The initial treatment of the patient’s ARDS consisted of oxygen on a reservoir mask. In intensive care, endotracheal intubation followed sedation and muscle relaxation with ketamine and rocuronium, respectively. We used a lung-protective ventilation approach with a pressure-controlled mode. The patient was weaned from the ventilator using pressure-support ventilation. The patient received treatment against pulmonary and gingival infections using cefotaxime and metronidazole, respectively. Throughout intensive care, nutritional support was provided both intravenously and through a nasogastric tube. When myoglobinaemia was diagnosed on the fourth day in the ICU, an attempt was made to increase the diuresis to reduce the risk of AKI. Balanced crystalloids and albumin were administered together with furosemide, potassium canrenoate, spironolactone and mannitol. Despite these efforts, plasma myoglobin and serum creatinine continued to increase and continuous venovenous haemodiafiltration was initiated on the fifth day and continued until discharge from the ICU 7 days later. Following discharge from the ICU, the patient received physiotherapy and his muscular strength improved.

Outcome and follow-up

On the day of the hospital discharge, the patient was completely mobile and cognitively intact with a relative glomerular filtration rate of 48 mL/min/1.73 m2. Nine days after discharge, the kidney function had completely normalised.

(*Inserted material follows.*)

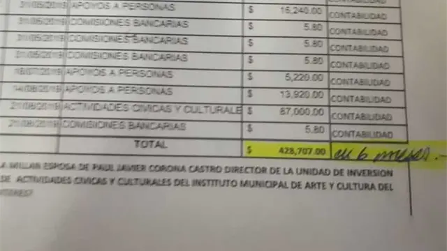 Además, durante la rueda de prensa a la que convocaron los integrantes de Vigilantes Ciudadanos por la Transparencia en Sinaloa se dio a conocer que el área de contabilidad del Instituto Municipal de Arte y Cultura (IMAC) tuvo una erogación de 428 mil 707 pesos de marzo a septiembre del 2019 a beneficio de José Fidel Millán Chávez, hermano de la esposa del Director de la Unidad de Inversión del Ayuntamiento de Ahome.
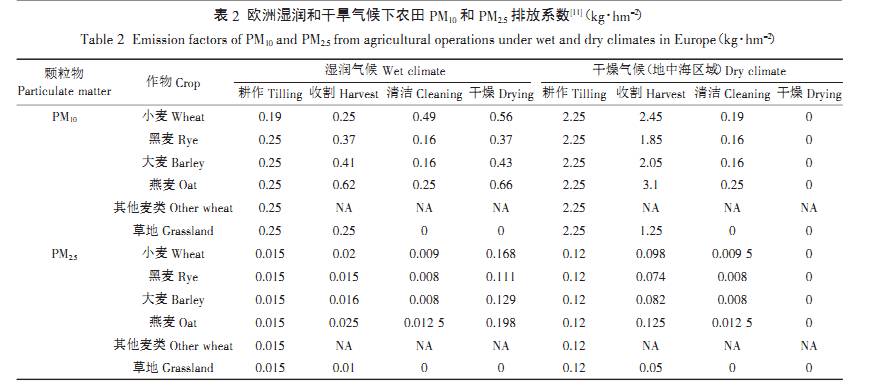 欧洲环境部近10多年也对排放清单开发比较重视,进行了大量排放系数的测定工作,并于2009年专门组织编制了排放源清单开发指南。欧洲农业颗粒物排放清单指南中发布了3级(层次)评估方法。该指南中,农田颗粒物排放量同样是作物种植面积和耕作对应排放系数的乘积,具体每级简介如下。一级:采用默认的排放系数。PM10的排放系数为1.56 kg·hm-2, 95%置信区间为0.78~7.8 kg·hm-2。PM2.5排放系数为0.06 kg·hm-2,95%置信区间为0.03~0.3 kg·hm-2。当作物农田不是重要排放源,且没有直接测定数据时,采用该方法提供的默认值。二级:采用测定后发布的经验系数,这是目前应用最广泛的方法。该方法是基于田间测定后所得到的经验值。具体排放计算见下文公式2;发布的农耕操作排放系数见表2。三级:采用具体地区实际观测到的排放系数(实际测量法)或者基于过程模型模拟出来的排放系数。由于考虑实际气候条件和农耕操作,如果有具体地区直接的测定数据,编制清单时要尽可能用这些数据来估算颗粒物排放量。具体地区的排放系数也同时应用在不同耕作措施(免耕和保护性耕作等)控制颗粒物排放的研究中。

Within 2 days of discharge from intensive care, levels of both troponin T and myoglobin rapidly normalised and testing was repeated.

Discussion

Following the rapidly evolving novel disease of the COVID-19 pandemic, new knowledge about the disease is being constantly unearthed. Thus far, only a few reports on rhabdomyolysis and AKI associated with COVID-19 have been published.3 4 Early reports from China indicate that 25% of patients with COVID-19 in critical care have AKI.6

Although type 2 diabetes is common among patients hospitalised for COVID-19, it does not appear to be an independent predictor for mortality or mechanical ventilation.7 However, obesity is prevalent in critically ill patients with COVID-19, and increasing body mass index is associated with an increased risk for death and mechanical ventilation.7

Rhabdomyolysis is characterised by the leakage of contents from the striped myocytes into the bloodstream. During massive rhabdomyolysis, AKI and subsequent renal failure are a potentially dangerous complication, particularly in the intensive care setting where it is estimated that rhabdomyolysis accounts for 7% of all AKI cases in the USA.5 8

Viral myositis and rhabdomyolysis have been associated with several viruses including the influenza A and B, coxsackie, Epstein-Barr, herpes simplex, parainfluenza, adeno, echo, cytomegalo, measles, varicella zoster, human immunodeficiency and dengue viruses.8 The potential magnitude of the myositis and rhabdomyolysis caused by the SARS-CoV-2 virus is largely unknown. Influenza A and B are the most commonly reported viruses associated with myositis. In a case series reported by the paediatric emergency department, viral myositis was a major cause of rhabdomyolysis.9

The exact mechanism by which viruses cause muscle destruction has not been established, but two possible mechanisms have been proposed: first, muscular necrosis related to the potential direct viral invasion of myocytes and second, the toxic effect on myocytes caused by the host response (cytokine release and other immunological factors).10 11

Myoglobinuria is pathognomonic of rhabdomyolysis, and evidence suggests that myoglobin impairs the glomerular filtration through several mechanisms including intrarenal vasoconstriction, ischaemic tubule injury and tubular obstruction.8 Damage to the tubular structures is augmented by hypovolaemia and an acidic urine, both relevant to the intensive care setting.12

Treatment of rhabdomyolysis during ARDS is a delicate balancing act. On one hand, hydration and forced diuresis may limit kidney damage. On the other hand, overhydration could prove deleterious to pulmonary function and gas exchange.13 Thus, early detection, close monitoring and prompt treatment are key. Therefore, we suggest regular screening of serum myoglobin levels in patients with COVID-19 admitted to intensive care.

Contemporary guidelines offer weak evidence-based treatment recommendations to prevent rhabdomyolysis-induced AKI.14 The main recommendation of these guidelines includes early crystalloid-based fluid resuscitation. The routine use of diuretics, alkalinisation, mannitol, antioxidants and renal replacement therapy is not recommended.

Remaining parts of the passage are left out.